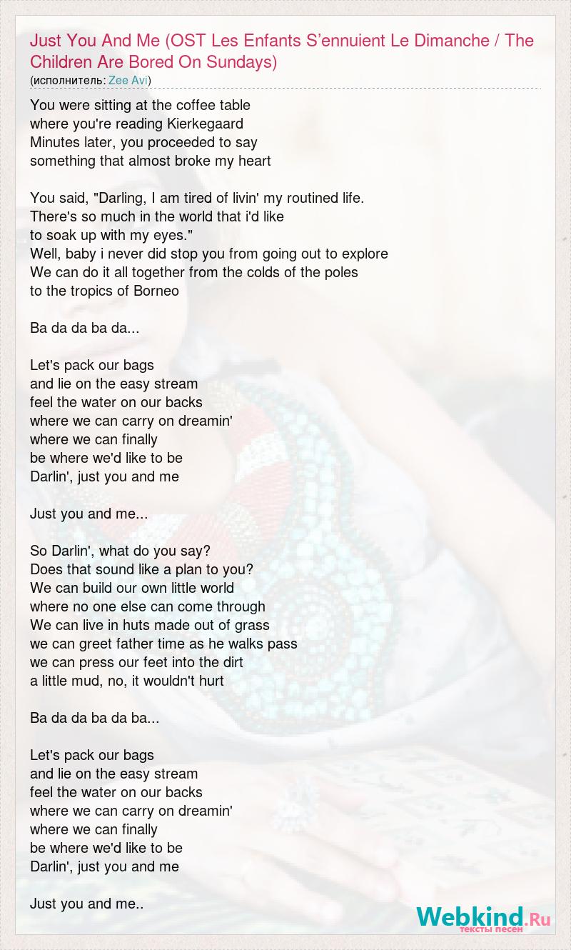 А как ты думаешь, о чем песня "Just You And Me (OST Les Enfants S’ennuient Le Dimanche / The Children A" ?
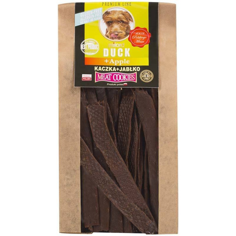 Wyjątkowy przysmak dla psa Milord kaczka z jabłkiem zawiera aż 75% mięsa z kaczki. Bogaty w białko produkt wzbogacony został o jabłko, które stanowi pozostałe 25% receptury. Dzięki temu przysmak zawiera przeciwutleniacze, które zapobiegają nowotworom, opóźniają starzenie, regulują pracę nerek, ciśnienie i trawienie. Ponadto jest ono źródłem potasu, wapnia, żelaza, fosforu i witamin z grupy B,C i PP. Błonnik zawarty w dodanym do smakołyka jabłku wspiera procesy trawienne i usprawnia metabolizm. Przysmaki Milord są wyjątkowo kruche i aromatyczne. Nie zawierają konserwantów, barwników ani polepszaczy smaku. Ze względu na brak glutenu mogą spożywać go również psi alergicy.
_____
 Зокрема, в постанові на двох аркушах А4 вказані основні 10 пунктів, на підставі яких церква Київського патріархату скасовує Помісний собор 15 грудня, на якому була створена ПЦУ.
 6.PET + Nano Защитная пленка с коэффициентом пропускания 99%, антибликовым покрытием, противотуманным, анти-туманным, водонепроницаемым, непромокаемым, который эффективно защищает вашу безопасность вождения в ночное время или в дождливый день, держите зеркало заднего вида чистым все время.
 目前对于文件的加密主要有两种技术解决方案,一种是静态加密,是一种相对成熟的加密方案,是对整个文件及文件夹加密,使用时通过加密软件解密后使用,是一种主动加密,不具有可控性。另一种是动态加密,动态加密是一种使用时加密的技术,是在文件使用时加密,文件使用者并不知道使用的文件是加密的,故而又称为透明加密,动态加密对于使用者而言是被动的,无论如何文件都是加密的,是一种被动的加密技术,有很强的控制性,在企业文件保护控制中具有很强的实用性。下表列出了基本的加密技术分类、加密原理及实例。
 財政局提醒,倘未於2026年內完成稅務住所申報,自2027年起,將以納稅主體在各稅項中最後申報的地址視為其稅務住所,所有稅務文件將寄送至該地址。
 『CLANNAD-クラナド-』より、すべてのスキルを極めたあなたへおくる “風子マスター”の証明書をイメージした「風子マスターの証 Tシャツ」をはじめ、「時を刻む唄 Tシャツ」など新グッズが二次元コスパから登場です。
_____
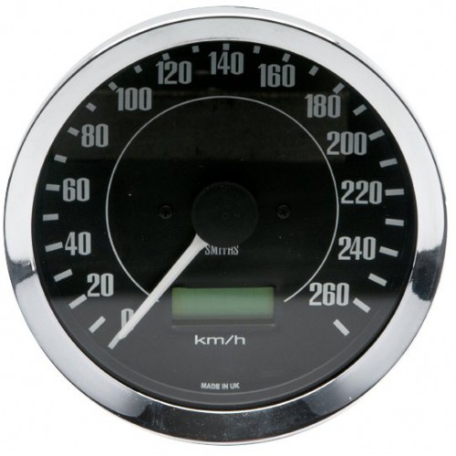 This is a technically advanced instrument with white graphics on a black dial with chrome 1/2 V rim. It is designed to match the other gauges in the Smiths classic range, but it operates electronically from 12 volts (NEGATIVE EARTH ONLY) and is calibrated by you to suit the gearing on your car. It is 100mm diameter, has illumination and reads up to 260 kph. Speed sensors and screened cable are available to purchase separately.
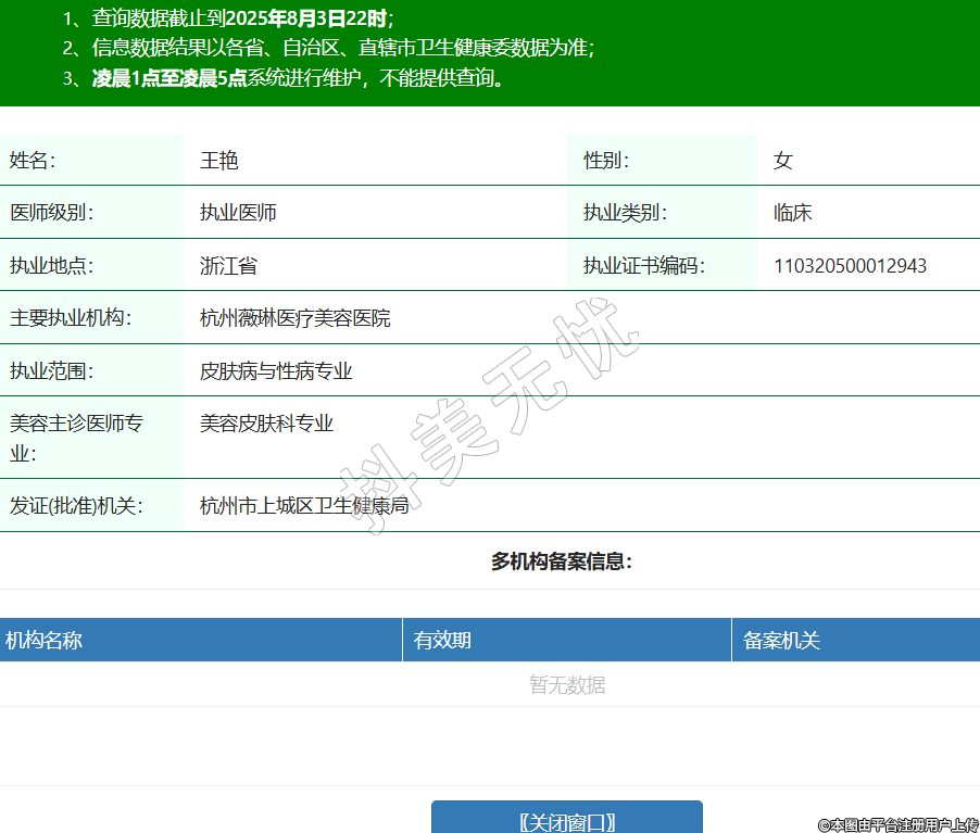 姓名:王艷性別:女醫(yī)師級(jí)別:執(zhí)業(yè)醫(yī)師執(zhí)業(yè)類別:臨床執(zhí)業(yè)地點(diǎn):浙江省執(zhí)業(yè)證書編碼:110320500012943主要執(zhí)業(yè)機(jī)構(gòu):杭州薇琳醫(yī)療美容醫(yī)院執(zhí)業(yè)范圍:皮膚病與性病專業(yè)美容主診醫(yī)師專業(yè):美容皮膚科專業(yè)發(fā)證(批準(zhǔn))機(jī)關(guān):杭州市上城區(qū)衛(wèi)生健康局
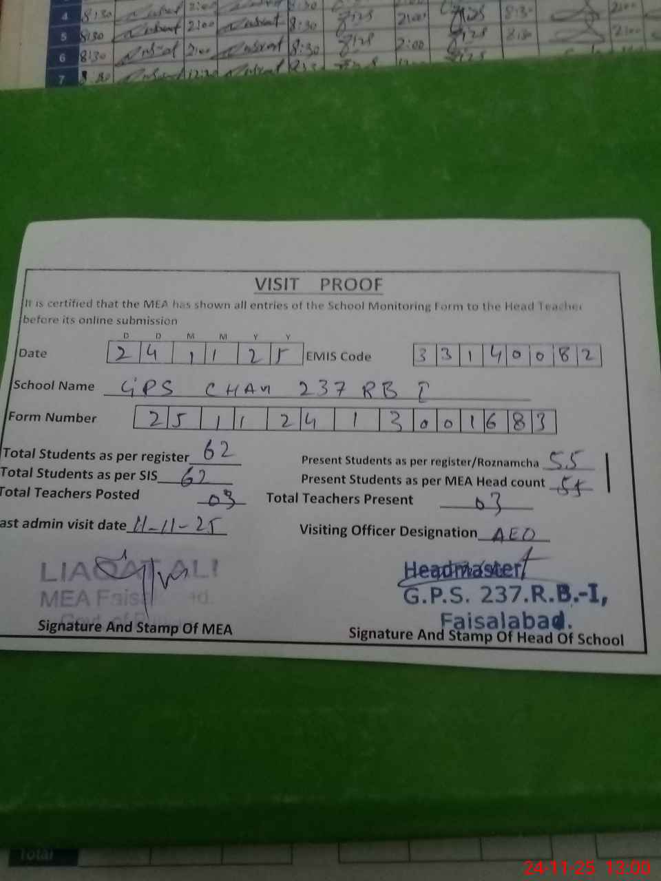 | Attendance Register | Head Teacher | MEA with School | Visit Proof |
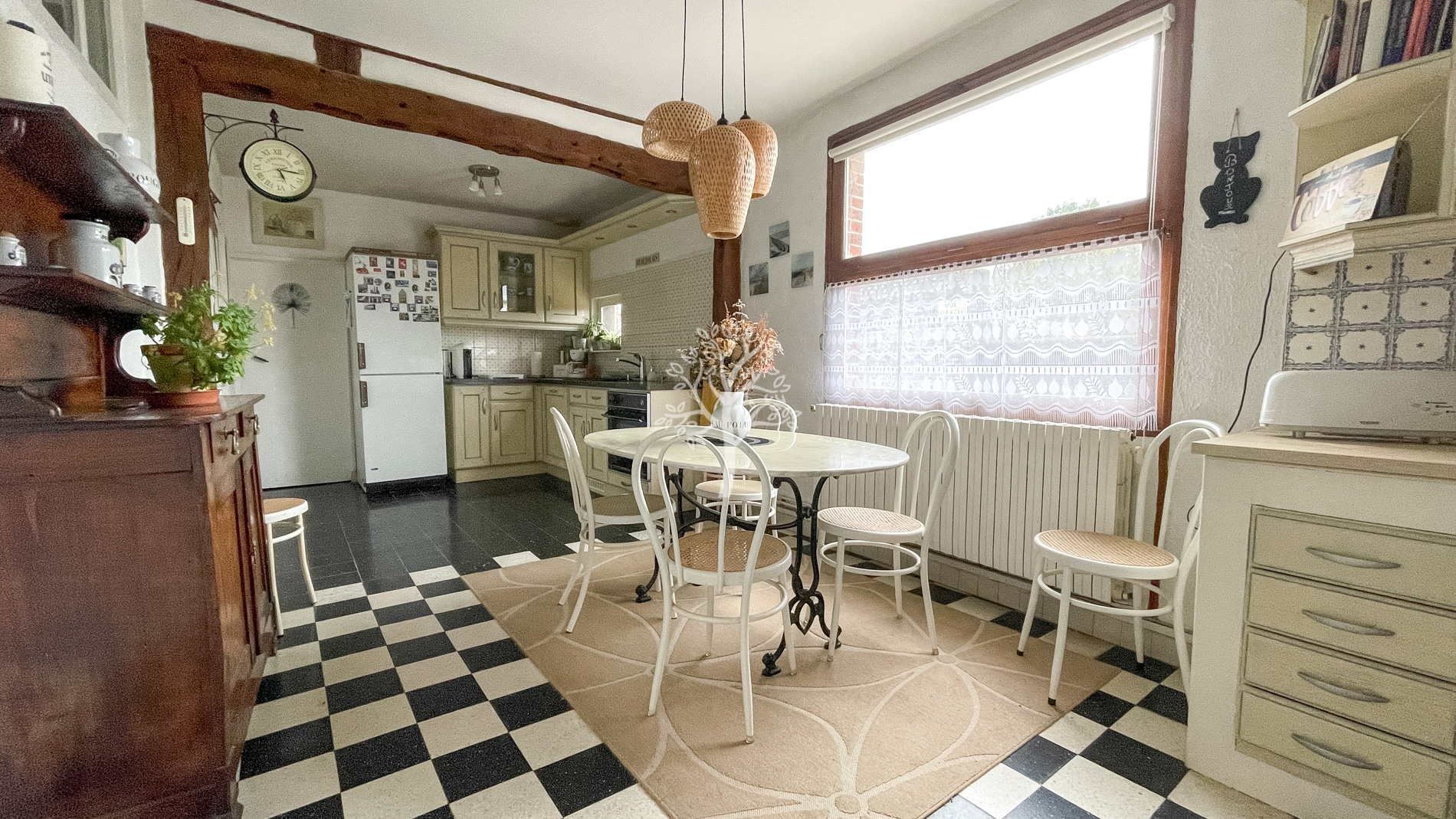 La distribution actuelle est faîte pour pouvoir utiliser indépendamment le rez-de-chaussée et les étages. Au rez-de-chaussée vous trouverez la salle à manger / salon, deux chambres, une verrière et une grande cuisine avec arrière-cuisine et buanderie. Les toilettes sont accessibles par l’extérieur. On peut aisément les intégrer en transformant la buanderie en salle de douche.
_____
[WHAT YOU ARE ASKED TO DO]: Above are the records; please give again, exactly and in full, only the lines that run from the line with "А как ты думаешь, о" through the line with "Wyjątkowy przysmak dla", with no pictures.

[EXERCISE OUTPUT]:
 А как ты думаешь, о чем песня "Just You And Me (OST Les Enfants S’ennuient Le Dimanche / The Children A" ?
 Wyjątkowy przysmak dla psa Milord kaczka z jabłkiem zawiera aż 75% mięsa z kaczki. Bogaty w białko produkt wzbogacony został o jabłko, które stanowi pozostałe 25% receptury. Dzięki temu przysmak zawiera przeciwutleniacze, które zapobiegają nowotworom, opóźniają starzenie, regulują pracę nerek, ciśnienie i trawienie. Ponadto jest ono źródłem potasu, wapnia, żelaza, fosforu i witamin z grupy B,C i PP. Błonnik zawarty w dodanym do smakołyka jabłku wspiera procesy trawienne i usprawnia metabolizm. Przysmaki Milord są wyjątkowo kruche i aromatyczne. Nie zawierają konserwantów, barwników ani polepszaczy smaku. Ze względu na brak glutenu mogą spożywać go również psi alergicy.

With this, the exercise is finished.